After having played Guild Wars 2 for 2 weeks, I’ve found a rather interesting comparison between its in-game economy and the World of Warcraft economy. In World of Warcraft, there’s a limit of 32,767 players who can participate in your faction’s Auction House, the in-game market. On some Warcraft realms, that number is significantly lower. Thus, the Warcraft Auction House often has areas of shortages in certain materials that are essential. There is significant scarcity, which creates opportunity for enormous profits, even as a low-level character, if you are willing to do the work to obtain those items and place them up for sale.

In Guild Wars 2, the Trading Post (the Auction House equivalent) is a global, shared marketplace with up to 3 million participants. Every item in the game is a commodity in high supply, often with dozens or hundreds of sellers constantly undercutting each other, sometimes below their cost of acquisition.

What does this mean for the entrepreneurial player? As of right now, Guild Wars 2 is a far more hostile place to try to earn some coin through speculation.

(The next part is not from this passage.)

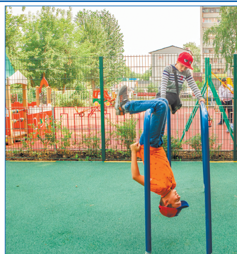
Спортивные и детские площадки есть практически в каждом дворе

The shared marketplace means that except for a handful of very high-end items, there is effectively no scarcity in game. No scarcity means that the price of goods eventually falls to the cost of production of those goods. The opportunity for arbitrage – obtaining a good at one price and reselling it at a different price – is extremely narrow.

For the average player, this is a good thing. It gives those players the opportunity to obtain goods at close to production cost, which means that leveling up a character’s trade skills doesn’t take an exorbitant amount of gold. For the entrepreneur, however, there is little opportunity to be found beyond high-volume, low margin trades and temporary, small swings in pricing. One forum poster joked that to make any money as an in-game entrepreneur, you need the skills and tools of a Wall Street trader, and you’re better off just gambling on Wall Street and taking your profits to buy in-game coins.

What can you learn from this? If you’re in a market with no scarcity at all, you’ve got a problem unless you are consistently the lowest cost provider. That’s why social media has become increasing difficult a place to work in: the general market is so overcrowded that there’s no scarcity of any kind. In order to make it useful to your business, you’ve got to segment out a portion of the market and identify the scarcity in it, then play to that particular scarcity in order to be effective, in order to make some money. If you don’t, you’re competing against a global marketplace where content is the commodity and it’s not the highest quality that wins, but the lowest cost of production. This, by the way, also explains why there’s an enormous river of crap being published every day.